■ What is required
Give the listing again word for word. Skip the pictures.

(Collected material begins)

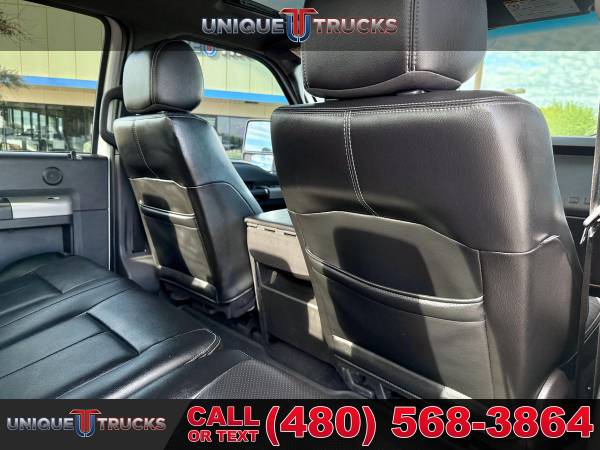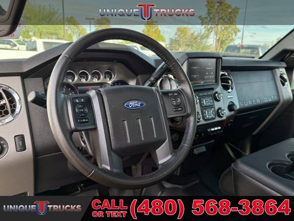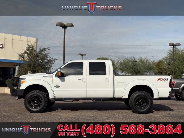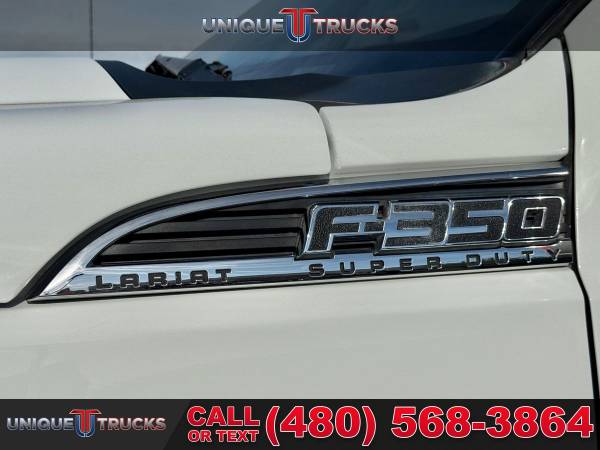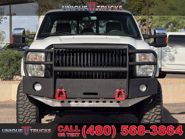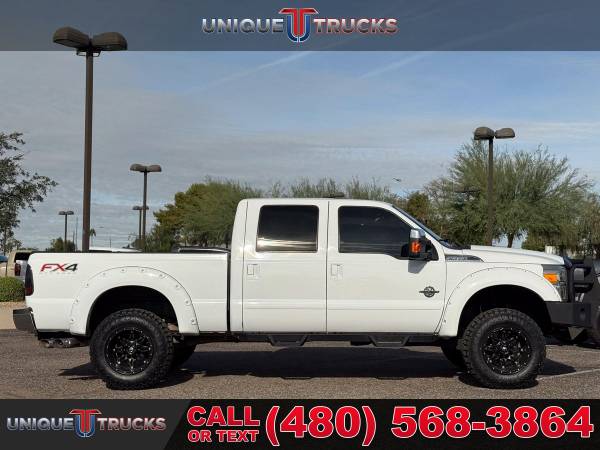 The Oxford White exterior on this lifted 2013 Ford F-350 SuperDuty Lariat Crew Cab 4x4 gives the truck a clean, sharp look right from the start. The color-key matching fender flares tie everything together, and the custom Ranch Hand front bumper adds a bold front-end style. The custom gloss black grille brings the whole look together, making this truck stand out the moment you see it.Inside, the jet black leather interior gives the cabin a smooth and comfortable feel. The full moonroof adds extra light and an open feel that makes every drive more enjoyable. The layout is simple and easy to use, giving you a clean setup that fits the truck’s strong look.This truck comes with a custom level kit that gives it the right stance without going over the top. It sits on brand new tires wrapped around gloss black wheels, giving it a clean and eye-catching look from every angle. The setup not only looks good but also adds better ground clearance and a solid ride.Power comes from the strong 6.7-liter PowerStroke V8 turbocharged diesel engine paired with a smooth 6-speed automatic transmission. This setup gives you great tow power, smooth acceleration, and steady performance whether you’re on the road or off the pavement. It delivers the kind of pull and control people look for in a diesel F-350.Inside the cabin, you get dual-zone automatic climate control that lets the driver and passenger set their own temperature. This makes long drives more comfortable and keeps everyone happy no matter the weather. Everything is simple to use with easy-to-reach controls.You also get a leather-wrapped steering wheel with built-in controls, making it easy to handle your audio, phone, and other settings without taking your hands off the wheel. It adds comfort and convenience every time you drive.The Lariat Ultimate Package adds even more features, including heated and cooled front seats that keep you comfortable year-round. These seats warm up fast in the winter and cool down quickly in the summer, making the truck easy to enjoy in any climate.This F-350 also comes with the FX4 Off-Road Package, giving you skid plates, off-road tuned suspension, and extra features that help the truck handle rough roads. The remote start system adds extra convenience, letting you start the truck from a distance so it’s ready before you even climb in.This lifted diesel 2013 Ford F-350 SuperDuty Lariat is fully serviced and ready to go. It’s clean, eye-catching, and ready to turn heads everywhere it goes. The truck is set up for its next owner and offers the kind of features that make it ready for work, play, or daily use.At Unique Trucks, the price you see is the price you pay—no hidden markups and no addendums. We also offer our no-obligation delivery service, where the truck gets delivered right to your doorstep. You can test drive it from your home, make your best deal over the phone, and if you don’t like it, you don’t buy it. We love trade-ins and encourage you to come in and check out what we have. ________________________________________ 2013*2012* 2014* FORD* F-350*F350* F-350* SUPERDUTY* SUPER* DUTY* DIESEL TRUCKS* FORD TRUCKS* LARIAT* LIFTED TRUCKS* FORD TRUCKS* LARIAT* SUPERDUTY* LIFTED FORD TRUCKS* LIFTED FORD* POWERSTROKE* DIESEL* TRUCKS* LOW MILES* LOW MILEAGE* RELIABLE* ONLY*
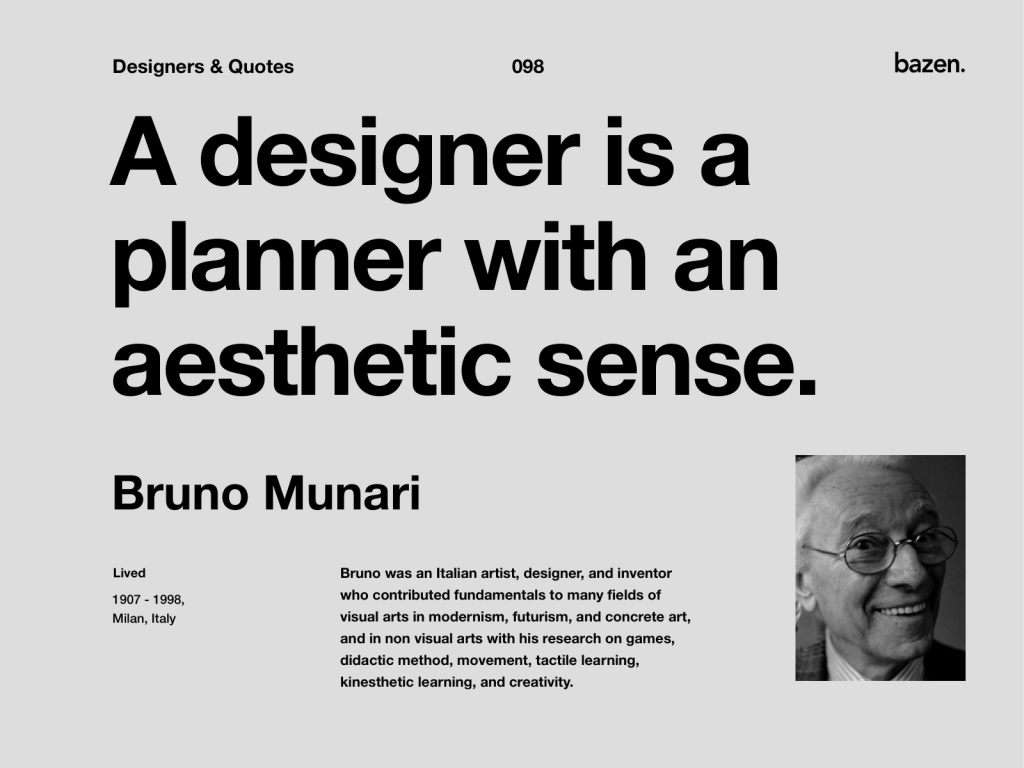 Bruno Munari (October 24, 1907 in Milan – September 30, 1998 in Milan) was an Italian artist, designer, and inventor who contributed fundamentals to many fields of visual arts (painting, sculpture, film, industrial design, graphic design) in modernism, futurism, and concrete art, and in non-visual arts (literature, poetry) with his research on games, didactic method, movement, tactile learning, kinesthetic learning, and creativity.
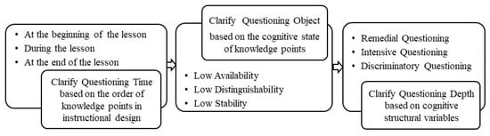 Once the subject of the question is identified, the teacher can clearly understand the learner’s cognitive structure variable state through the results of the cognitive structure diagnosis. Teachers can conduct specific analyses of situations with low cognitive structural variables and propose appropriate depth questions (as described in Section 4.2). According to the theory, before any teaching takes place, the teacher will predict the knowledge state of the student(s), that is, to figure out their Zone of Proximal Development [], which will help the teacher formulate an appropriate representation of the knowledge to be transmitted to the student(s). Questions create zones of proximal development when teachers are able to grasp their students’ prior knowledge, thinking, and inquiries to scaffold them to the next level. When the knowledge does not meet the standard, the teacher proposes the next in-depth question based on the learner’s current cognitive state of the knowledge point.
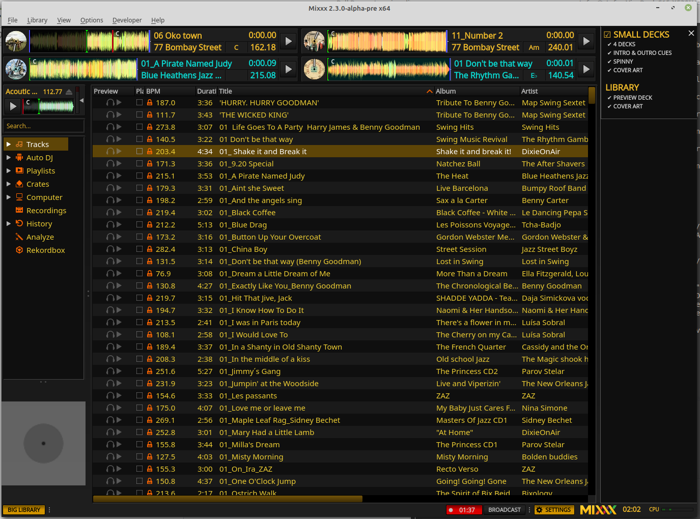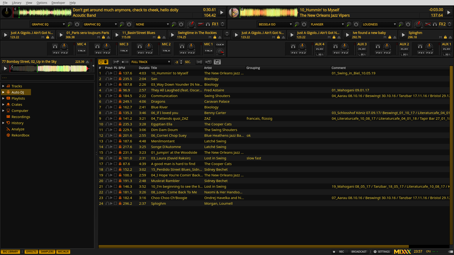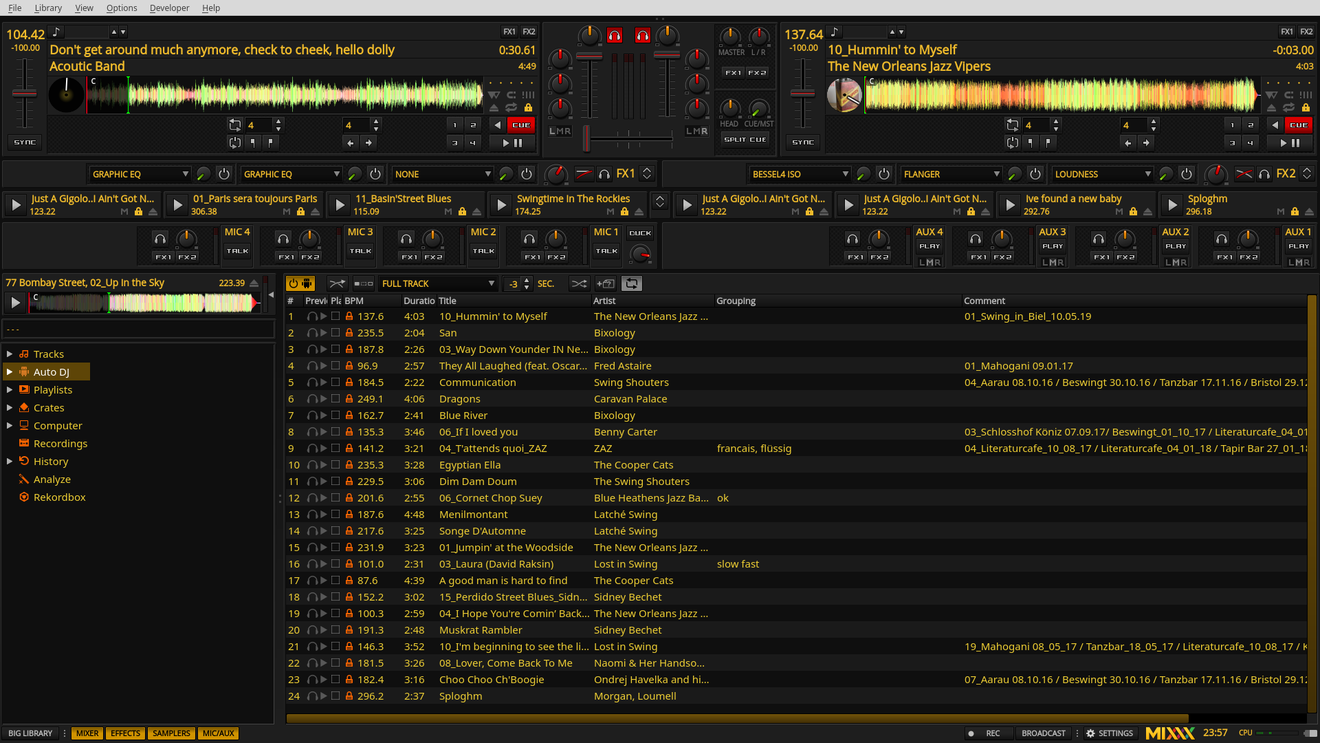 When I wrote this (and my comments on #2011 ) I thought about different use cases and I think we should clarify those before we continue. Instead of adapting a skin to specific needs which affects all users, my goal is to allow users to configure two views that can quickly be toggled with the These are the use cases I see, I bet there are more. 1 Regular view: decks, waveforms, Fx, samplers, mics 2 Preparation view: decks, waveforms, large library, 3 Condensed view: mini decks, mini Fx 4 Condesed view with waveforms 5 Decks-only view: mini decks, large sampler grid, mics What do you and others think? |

(Collected material ends)

■ Output for this task
 The Oxford White exterior on this lifted 2013 Ford F-350 SuperDuty Lariat Crew Cab 4x4 gives the truck a clean, sharp look right from the start. The color-key matching fender flares tie everything together, and the custom Ranch Hand front bumper adds a bold front-end style. The custom gloss black grille brings the whole look together, making this truck stand out the moment you see it.Inside, the jet black leather interior gives the cabin a smooth and comfortable feel. The full moonroof adds extra light and an open feel that makes every drive more enjoyable. The layout is simple and easy to use, giving you a clean setup that fits the truck’s strong look.This truck comes with a custom level kit that gives it the right stance without going over the top. It sits on brand new tires wrapped around gloss black wheels, giving it a clean and eye-catching look from every angle. The setup not only looks good but also adds better ground clearance and a solid ride.Power comes from the strong 6.7-liter PowerStroke V8 turbocharged diesel engine paired with a smooth 6-speed automatic transmission. This setup gives you great tow power, smooth acceleration, and steady performance whether you’re on the road or off the pavement. It delivers the kind of pull and control people look for in a diesel F-350.Inside the cabin, you get dual-zone automatic climate control that lets the driver and passenger set their own temperature. This makes long drives more comfortable and keeps everyone happy no matter the weather. Everything is simple to use with easy-to-reach controls.You also get a leather-wrapped steering wheel with built-in controls, making it easy to handle your audio, phone, and other settings without taking your hands off the wheel. It adds comfort and convenience every time you drive.The Lariat Ultimate Package adds even more features, including heated and cooled front seats that keep you comfortable year-round. These seats warm up fast in the winter and cool down quickly in the summer, making the truck easy to enjoy in any climate.This F-350 also comes with the FX4 Off-Road Package, giving you skid plates, off-road tuned suspension, and extra features that help the truck handle rough roads. The remote start system adds extra convenience, letting you start the truck from a distance so it’s ready before you even climb in.This lifted diesel 2013 Ford F-350 SuperDuty Lariat is fully serviced and ready to go. It’s clean, eye-catching, and ready to turn heads everywhere it goes. The truck is set up for its next owner and offers the kind of features that make it ready for work, play, or daily use.At Unique Trucks, the price you see is the price you pay—no hidden markups and no addendums. We also offer our no-obligation delivery service, where the truck gets delivered right to your doorstep. You can test drive it from your home, make your best deal over the phone, and if you don’t like it, you don’t buy it. We love trade-ins and encourage you to come in and check out what we have. ________________________________________ 2013*2012* 2014* FORD* F-350*F350* F-350* SUPERDUTY* SUPER* DUTY* DIESEL TRUCKS* FORD TRUCKS* LARIAT* LIFTED TRUCKS* FORD TRUCKS* LARIAT* SUPERDUTY* LIFTED FORD TRUCKS* LIFTED FORD* POWERSTROKE* DIESEL* TRUCKS* LOW MILES* LOW MILEAGE* RELIABLE* ONLY*
 Bruno Munari (October 24, 1907 in Milan – September 30, 1998 in Milan) was an Italian artist, designer, and inventor who contributed fundamentals to many fields of visual arts (painting, sculpture, film, industrial design, graphic design) in modernism, futurism, and concrete art, and in non-visual arts (literature, poetry) with his research on games, didactic method, movement, tactile learning, kinesthetic learning, and creativity.
 Once the subject of the question is identified, the teacher can clearly understand the learner’s cognitive structure variable state through the results of the cognitive structure diagnosis. Teachers can conduct specific analyses of situations with low cognitive structural variables and propose appropriate depth questions (as described in Section 4.2). According to the theory, before any teaching takes place, the teacher will predict the knowledge state of the student(s), that is, to figure out their Zone of Proximal Development [], which will help the teacher formulate an appropriate representation of the knowledge to be transmitted to the student(s). Questions create zones of proximal development when teachers are able to grasp their students’ prior knowledge, thinking, and inquiries to scaffold them to the next level. When the knowledge does not meet the standard, the teacher proposes the next in-depth question based on the learner’s current cognitive state of the knowledge point.
 When I wrote this (and my comments on #2011 ) I thought about different use cases and I think we should clarify those before we continue. Instead of adapting a skin to specific needs which affects all users, my goal is to allow users to configure two views that can quickly be toggled with the These are the use cases I see, I bet there are more. 1 Regular view: decks, waveforms, Fx, samplers, mics 2 Preparation view: decks, waveforms, large library, 3 Condensed view: mini decks, mini Fx 4 Condesed view with waveforms 5 Decks-only view: mini decks, large sampler grid, mics What do you and others think? |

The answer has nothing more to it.